Definition
The preflight task of properly securing passengers in their seats with safety belts and shoulder harnesses fastened, briefing them on emergency procedures and equipment, and stowing baggage and cargo so that total weight and the resulting center of gravity remain within the airplane's approved limits and items cannot shift in flight.
Plain English
Before takeoff, the pilot makes sure people are safely buckled in and briefed, and that bags are loaded in the right places so the airplane stays balanced and nothing slides around during flight.
Context Anchor
Encountered during preflight and before-taxi procedures, especially when carrying passengers or baggage in a training or personal airplane.
Why Pilots Care
Incorrect loading shifts the center of gravity and can cause loss of control; unsecured items can become hazards or jam controls.
Grounding Statement
The key idea is simple: everyone and everything in the cabin must be placed and secured so the airplane can be controlled safely.
Intuition Check
Security here does not mean airport screening or law-enforcement security.

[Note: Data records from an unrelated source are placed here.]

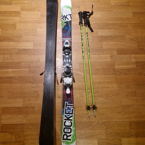 SÅLDA Skidor Rocket Firefly längd 135 cm 500kr, ok skick
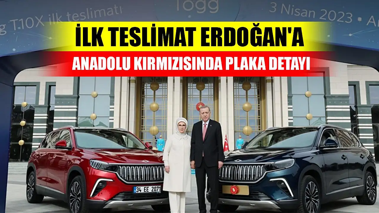 Cumhurbaşkanı Recep Tayyip Erdoğan, Cumhurbaşkanlığı Külliyesi'nde İlk Togg T10X Teslimatı Programı'na katıldı. Cumhurbaşkanı Erdoğan, Cumhurbaşkanlığı Külliyesi'nde İlk Togg T10X Teslimatı Programı'nda, 'İnşallah bugünden itibaren Togg'u yollarda görmeye başlıyoruz.' dedi. Erdoğan ve eşi Emine Erdoğan'a törenle takdim edilen akıllı cihaz, 'Anadolu' renginde oldu. Aracın plakası ise dikkat çekti.
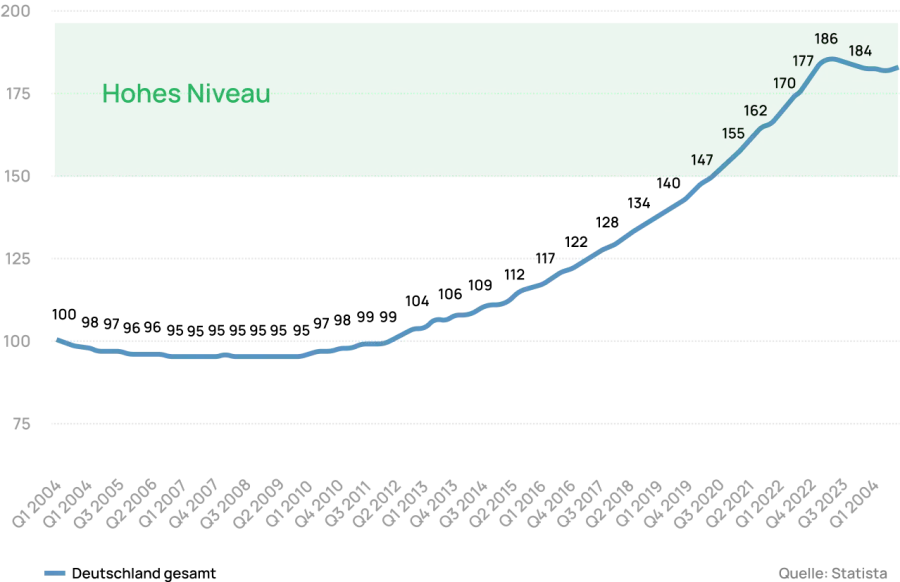 Auch wenn die Immobilienpreise zuletzt leicht nachgegeben haben, liegen sie im Vergleich zu den vergangenen zehn Jahren noch immer deutlich höher. Viele Eigentümer können daher trotz aktueller Preisrückgänge attraktive Gewinne realisieren.
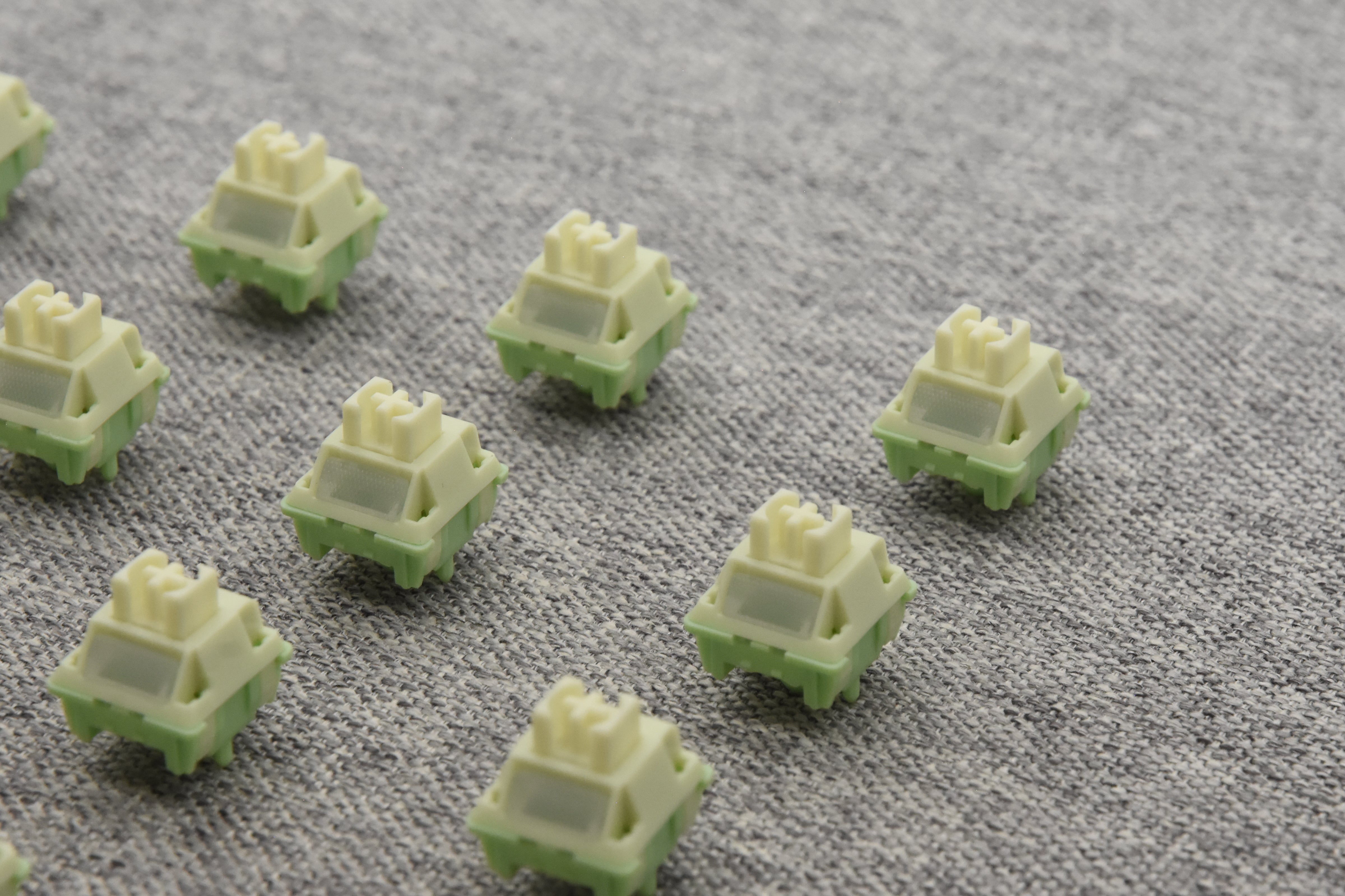 The Milky Green silent switches use stem-dampening legs instead of silicone pads as their silencing mechanism. The advantage of such a mechanism is that a clean bottom-out feel won't need to be sacrificed to trade for its quietness. You can enjoy both a great typing feel and a quiet typing sound at the same time with them Milky Green switches. Factory Lubed: Yes! mixed GPL105&GPL205 on leaf spring, stem feet, and bottom housing rails. Dry film lube on springs

It means passengers, doors, loose items, and baggage are physically secured for safe operation; loading means both the amount of weight carried and where that weight is placed.
Example Sentence 1
Before starting the engine, she completed passenger and baggage security and loading by briefing her two passengers, checking their seat belts, and confirming the bags in the rear compartment were strapped down.
Example Sentence 2
During ground operations the crew verified passenger and baggage security and loading so no loose items could interfere with the controls.